H. Application of interpretation
At the cost of repetition, it may be noted that the conclusions arrived at by way of this judgment, neither precludes any of the assessees (whether statutory, or nonstatutory) advancing objects of general public utility, from claiming exemption, nor the Taxing Authorities from denying exemption, in the future, if the receipts of the relevant year exceed the quantitative limit. The assessing authorities must on a yearly basis, scrutinise the record to discern whether the nature of the assessee's activities amount to “trade, commerce or business” based on its receipts and income (i.e. whether the amounts charged are on cost-basis, or significantly higher). If it is found that they are in the nature of “trade, commerce or business”, then it must be examined whether the quantified limit (as amended from time to time) in the proviso to Section 2(15), has been breached, thus disentitling them to exemption.

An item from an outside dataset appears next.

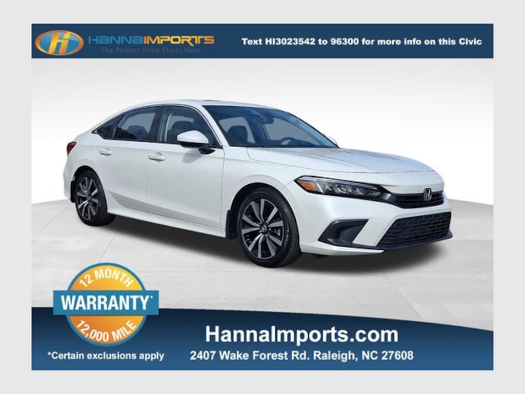Why shop with Hanna Imports? We specialize in hand-selecting top-quality used cars, trucks, and SUVs for drivers across Raleigh, Durham, Cary, Chapel Hill, and the greater Triangle area of North Carolina. Our massive selection of 1,000+ vehicles on our Raleigh lot is carefully curated to include the most sought-after models, all priced below market value. We believe in transparency and efficiencyâ"our vehicles are aggressively priced from the start, which means no haggling, no hassle, and no wasted time. The price you see is our absolute best price. Whether you're coming from Wake Forest, Apex, Garner, or anywhere in central NC, weâre committed to making your car-buying experience smooth, affordable, and enjoyable. Come see why Hanna Imports is one of the most trusted used car dealerships in North Carolina! Used Honda Civic in Raleigh. Used Honda Civic in North Carolina, Civic EX, Black w/Cloth Seating Surfaces, Adaptive Cruise Control: Adaptive Cruise Control (ACC) with Low-Speed Follow, Apple CarPlay/Android Auto, Blind Spot Information (BSI) System warning, Exterior Parking Camera Rear, Power moonroof, 4-Wheel Disc Brakes, 8 Speakers, ABS brakes, Air Conditioning, Alloy wheels, AM/FM radio, Auto High-beam Headlights, Automatic temperature control, Brake assist, Bumpers: body-color, Cloth Seating Surfaces, Delay-off headlights, Driver door bin, Driver vanity mirror, Dual front impact airbags, Dual front side impact airbags, Electronic Stability Control, Emergency communication system: HondaLink, Four wheel independent suspension, Front anti-roll bar, Front Bucket Seats, Front Center Armrest, Front dual zone A/C, Front reading lights, Fully automatic headlights, Heated door mirrors, Heated Front Bucket Seats, Heated front seats, Illuminated entry, Knee airbag, Leather Shift Knob, Leather steering wheel, Low tire pressure warning, Occupant sensing airbag, Outside temperature display, Overhead airbag, Overhead console, Panic alarm, Passenger door bin, Passenger vanity mirror, Power door mirrors, Power steering, Power windows, Radio data system, Radio: 180-Watt Audio System, Rear anti-roll bar, Rear seat center armrest, Rear side impact airbag, Rear window defroster, Remote keyless entry, Security system, Speed control, Speed-sensing steering, Split folding rear seat, Steering wheel mounted audio controls, Tachometer, Telescoping steering wheel, Tilt steering wheel, Traction control, Trip computer, Variably intermittent wipers, and Wheels: 17" Alloy w/Gloss Black Inserts.

9. On cumulative reading of the judgment of the Hon’ble Supreme Court, which now governs the field, we are of the view that the case of the respondent has to be examined in the light of the Hon’ble Supreme Court judgment rendered in Assistant Commissioner of Income Tax (Exemptions) vs. Ahmedabad Urban Development Authority, reported in [2022] 449 ITR 1 (SC).
10. Hence, we direct the Directorate of Income Tax (Exemption), Chennai, to re-examine the case of the respondent afresh and pass orders within a period of three months, following the dictum laid by the Hon’ble Supreme Court in Assistant Commissioner of Income Tax (Exemptions) vs. Ahmedabad Urban Development Authority (cited supra).
11. Accordingly, the Tax Case Appeal is disposed of. There shall be no order as to costs.